Tyler stood to go. “There’s a world out there, Tara,” he said. “And it will look a lot different once Dad is no longer whispering his view of it in your ear.”
—
THE NEXT DAY I drove to the hardware store in town and bought a slide-bolt lock for my bedroom door. I dropped it on my bed, then fetched a drill from the shop and started fitting screws. I thought Shawn was out—his truck wasn’t in the driveway—but when I turned around with the drill, he was standing in my doorframe.
“What are you doing?” he said.
“Doorknob’s broke,” I lied. “Door blows open. This lock was cheap but it’ll do the trick.”
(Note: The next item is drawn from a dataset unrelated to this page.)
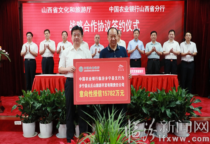 临汾新闻网讯 为进一步探索金融支持旅游产业发展的有效途径,实现旅游业与金融业的融合发展和共同提升,8月12日,山西省文化和旅游厅与中国农业银行山西省分行在太原举行战略合作协议签约仪式。省分行党委书记、行长禹修德携省行相关领导出席会议。临汾分行党委书记、行长李继胜与乡宁县云丘山旅游开发有限公司董事长张连水现场签订战略合作协议。

Shawn fingered the thick steel, which I was sure he could tell was not cheap at all. I stood silently, paralyzed by dread but also by pity. In that moment I hated him, and I wanted to scream it in his face. I imagined the way he would crumple, crushed under the weight of my words and his own self-loathing. Even then I understood the truth of it: that Shawn hated himself far more than I ever could.
“You’re using the wrong screws,” he said. “You need long ones for the wall and grabbers for the door. Otherwise, it’ll bust right off.”
We walked to the shop. Shawn shuffled around for a few minutes, then emerged with a handful of steel screws. We walked back to the house and he installed the lock, humming to himself and smiling, flashing his baby teeth.